In the entries that follow, the lines from the line containing "Grań szczytowa Mt" up to and including the line containing "Αφίσα του Δ." must be copied exactly, with pictures omitted.

(Data provided Opens)

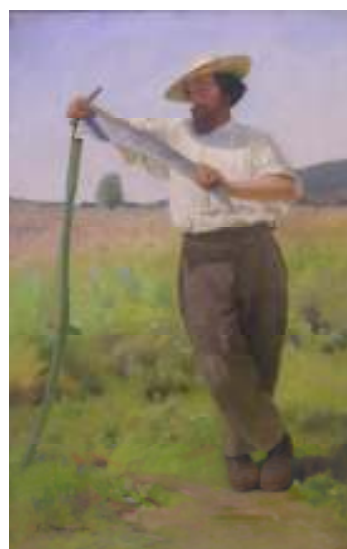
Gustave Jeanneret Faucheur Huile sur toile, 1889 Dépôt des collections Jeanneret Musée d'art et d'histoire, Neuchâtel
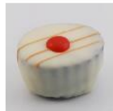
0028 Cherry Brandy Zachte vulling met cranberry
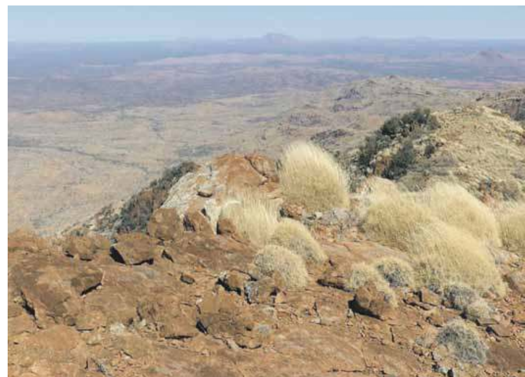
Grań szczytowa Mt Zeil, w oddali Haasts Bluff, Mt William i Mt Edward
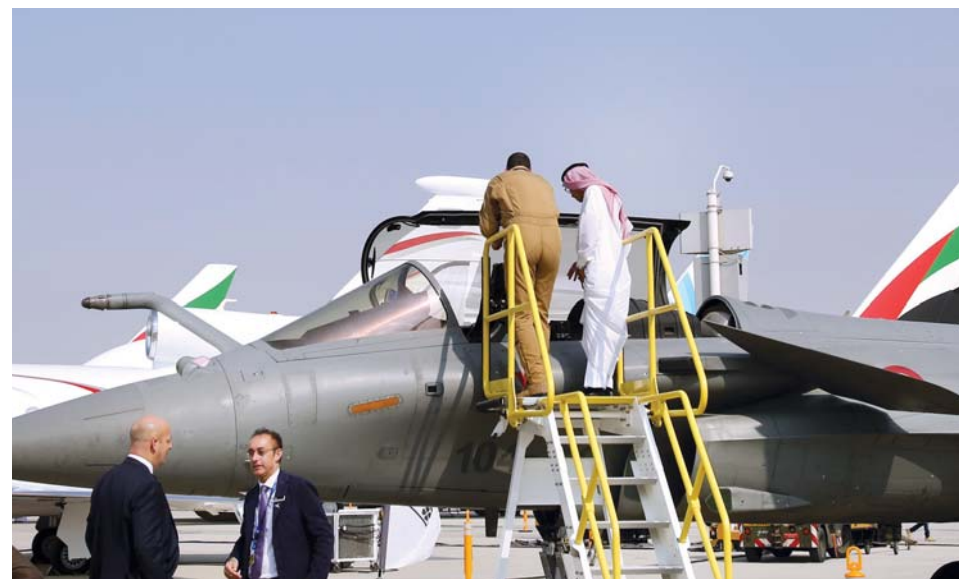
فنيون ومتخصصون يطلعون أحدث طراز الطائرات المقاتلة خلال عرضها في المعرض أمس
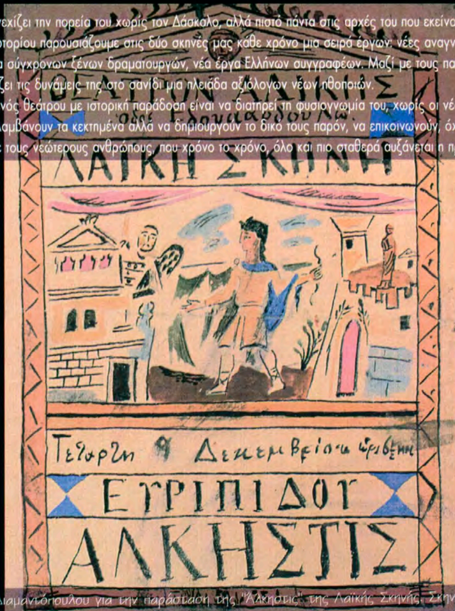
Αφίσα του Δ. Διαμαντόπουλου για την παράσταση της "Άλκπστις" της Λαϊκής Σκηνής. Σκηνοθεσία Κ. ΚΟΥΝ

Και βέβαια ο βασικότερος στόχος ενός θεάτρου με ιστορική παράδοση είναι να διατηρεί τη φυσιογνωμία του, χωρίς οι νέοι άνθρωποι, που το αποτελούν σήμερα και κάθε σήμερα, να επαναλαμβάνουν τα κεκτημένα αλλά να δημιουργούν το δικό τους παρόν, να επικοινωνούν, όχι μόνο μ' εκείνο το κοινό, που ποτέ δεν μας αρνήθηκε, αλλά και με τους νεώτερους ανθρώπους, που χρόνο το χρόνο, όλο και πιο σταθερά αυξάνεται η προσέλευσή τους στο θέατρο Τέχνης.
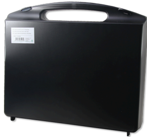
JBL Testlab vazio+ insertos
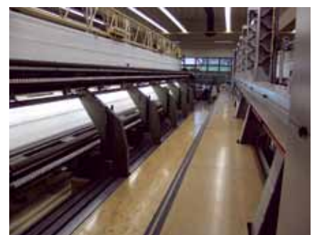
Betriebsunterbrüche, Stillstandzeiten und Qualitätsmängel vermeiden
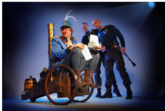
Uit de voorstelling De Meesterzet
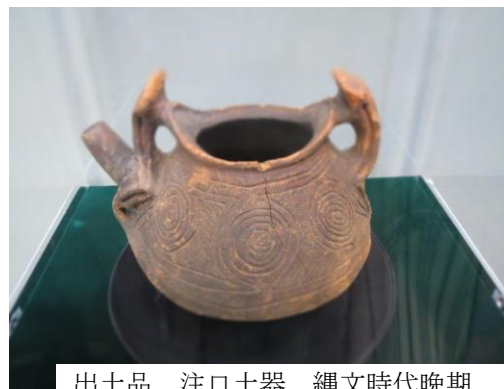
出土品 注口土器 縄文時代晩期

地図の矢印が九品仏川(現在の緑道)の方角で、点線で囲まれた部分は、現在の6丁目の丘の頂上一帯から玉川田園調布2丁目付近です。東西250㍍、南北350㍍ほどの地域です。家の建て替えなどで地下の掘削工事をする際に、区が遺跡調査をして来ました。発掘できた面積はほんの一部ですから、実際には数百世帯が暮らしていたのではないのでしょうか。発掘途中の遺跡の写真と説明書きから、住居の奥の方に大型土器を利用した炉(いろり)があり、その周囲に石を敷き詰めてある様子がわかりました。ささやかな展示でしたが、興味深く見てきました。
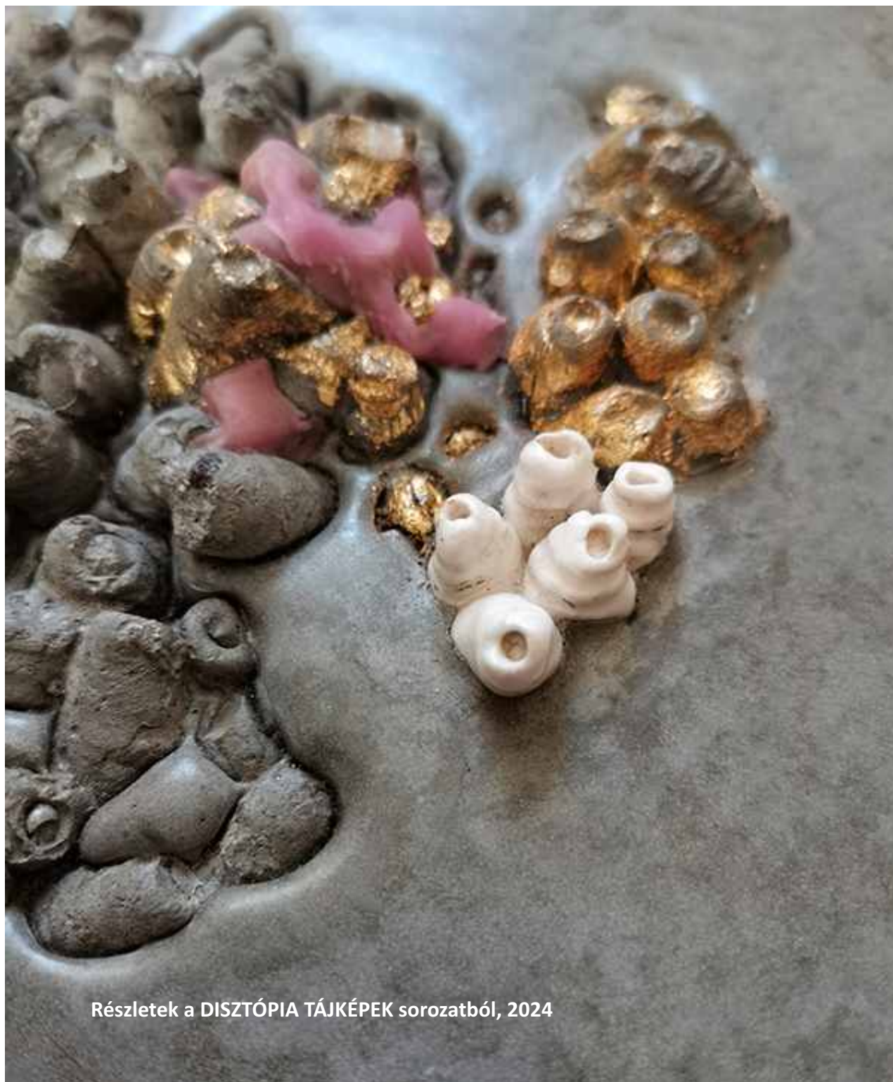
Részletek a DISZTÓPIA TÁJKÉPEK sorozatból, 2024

(Data provided Closes)

== Exercise result ==
Grań szczytowa Mt Zeil, w oddali Haasts Bluff, Mt William i Mt Edward
فنيون ومتخصصون يطلعون أحدث طراز الطائرات المقاتلة خلال عرضها في المعرض أمس
Αφίσα του Δ. Διαμαντόπουλου για την παράσταση της "Άλκπστις" της Λαϊκής Σκηνής. Σκηνοθεσία Κ. ΚΟΥΝ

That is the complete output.